* [The task] Your answer should be the full data, transcribed exactly, with no pictures in it.

Top of Data

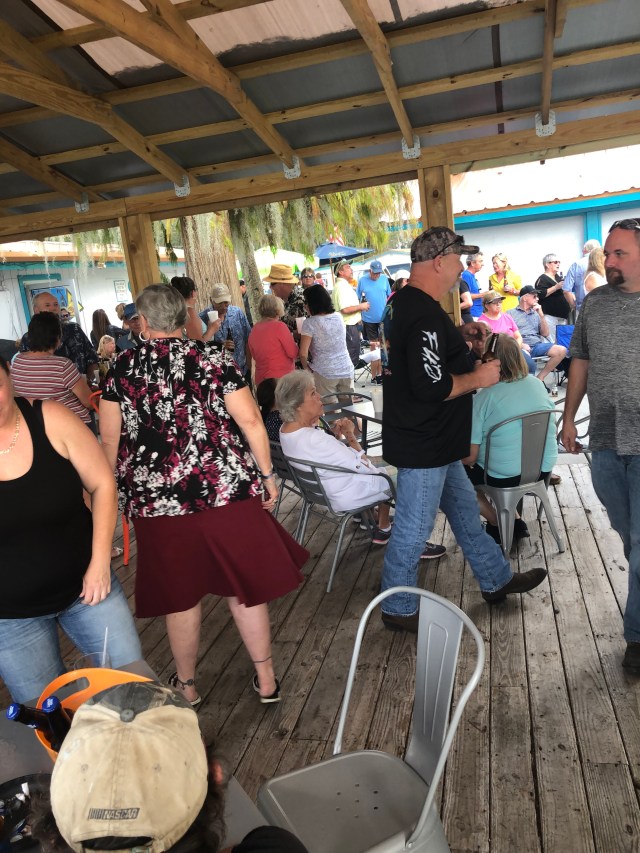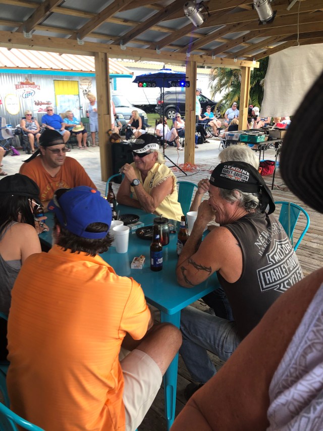 There’s people everywhere. All shapes and sizes. All white. Bikers. Beach bums. Older folks with mobility aids. We look at each other and wordlessly know what we’re thinking: WTF. We squeeze into the bar area (it’s a double wide with a lanai and a large outdoor covered patio) there are three (very sweaty) ladies tending bar and it’s jammed with people buying buckets of beer and shots to salute Frank E. There’s a small shrine set up at the end of the bar with a floral wreath and done photos and the paper to sign. Someone in charge of the guest book blew it ..the paper was not surviving the traffic.
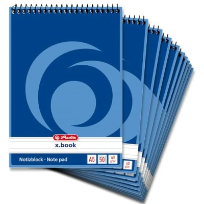 Herlitz 110510 Spiral Notebook A5, 50 Sheets, Pack of 10 Lined A7
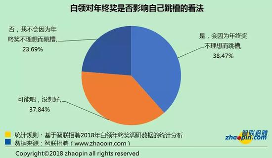 调研数据显示,38.47%的白领会因为年终奖不理想而跳槽,不跳槽的占比最低,仅为23.69%。
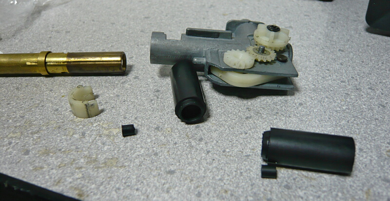 S&T BABY M4に入れていたSHSの13:1ギヤのセクターカットをして再び組み上げたところ初速が大幅減・・・元々不安定で低い時があったのですが、完全に低い状態で固定されてしまいました。

Bottom of Data

* [Result of the task]
 There’s people everywhere. All shapes and sizes. All white. Bikers. Beach bums. Older folks with mobility aids. We look at each other and wordlessly know what we’re thinking: WTF. We squeeze into the bar area (it’s a double wide with a lanai and a large outdoor covered patio) there are three (very sweaty) ladies tending bar and it’s jammed with people buying buckets of beer and shots to salute Frank E. There’s a small shrine set up at the end of the bar with a floral wreath and done photos and the paper to sign. Someone in charge of the guest book blew it ..the paper was not surviving the traffic.
 Herlitz 110510 Spiral Notebook A5, 50 Sheets, Pack of 10 Lined A7
 调研数据显示,38.47%的白领会因为年终奖不理想而跳槽,不跳槽的占比最低,仅为23.69%。
 S&T BABY M4に入れていたSHSの13:1ギヤのセクターカットをして再び組み上げたところ初速が大幅減・・・元々不安定で低い時があったのですが、完全に低い状態で固定されてしまいました。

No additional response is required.